Satrapi had a gift for weaving figurative illustration, history, social commentary, and politics through wit and irony. This places her work within a long lineage of Persian illustrated storytelling, one rooted in the miniature painting tradition and the illuminated manuscripts that accompanied epic literature, most notably Ferdowsi’s Shahnameh, Iran’s national epic poem from the 11th century. Several manuscript versions of the Shahnameh were commissioned by Safavid rulers as testaments to Persian history and mythology, imbued with patriotic symbolism and a sense of historical cultural pride. These works served as important precursors to later forms of Iranian and Central Asian visual culture, extending beyond the page into murals, coffeehouse paintings, cinema, and the fine arts. What distinguishes Satrapi’s contribution to this tradition of book arts is that her work anchors itself in the female characters and their lived experiences, rather than the hypermasculine heroics of warriors.

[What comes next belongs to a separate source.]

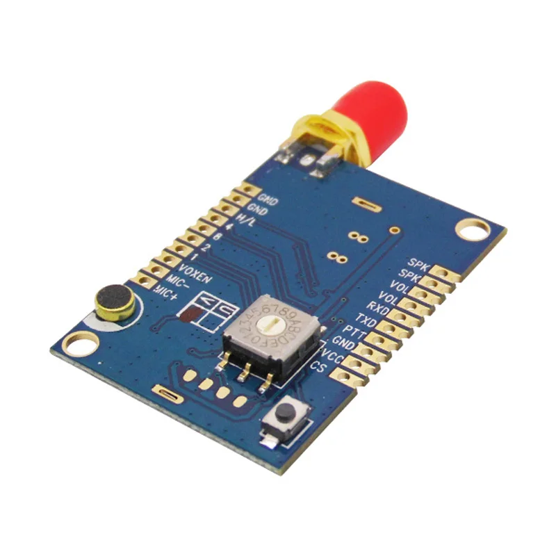 Вращающийся переключатель для выбора канала, EEPROM, аудио усилитель, РЧ усилитель, ключ PTT, гнездо антенны включены в такой небольшой модуль размера. Кроме того, все параметры (CTCSS, CDCSS, SQ, предварительно установленные каналы и т. Д.) могут быть легко модифицированы либо по ПК, либо командой с помощью интерфейса UART. Со встроенной схемой поворота звука, пользователь может припаять только переменный резистор на Pin16, Pin17, чтобы регулировать громкость бесступенчато.

Although Satrapi left this world quite prematurely, I find great comfort in tracing her influence through a younger generation of artists and writers. One such standout example is the Afghan-born, Germany-based visual artist and writer Moshtari Hilal, whose book Ugliness (2023) layers personal essay with an illustrated study of diasporic life and self-representation. Like Satrapi, Hilal employs autobiography as a method to explore ideas related to visual storytelling, challenging Euro-American narratives of beauty, cultural norms, and femininity. Both artists offer a window, albeit through distinct styles, into alternative forms of feminist identity that are not burdened by the role of cultural translators for Western audiences.

Satrapi was a true nonconformist who embodied the spirit of rebellion—an irreverence I would later try to theorize in Punk Orientalism (2022). What I embraced the most from Satrapi’s work was her unapologetic insistence on starting from her own story—not preaching from a moral high ground, but rather offering a nuanced cultural resistance. 

Sara Raza is the artistic director and chief curator of the Centre for Contemporary Art Tashkent and ArtAsiaPacific’s the West and Central Asia desk editor for ArtAsiaPacific.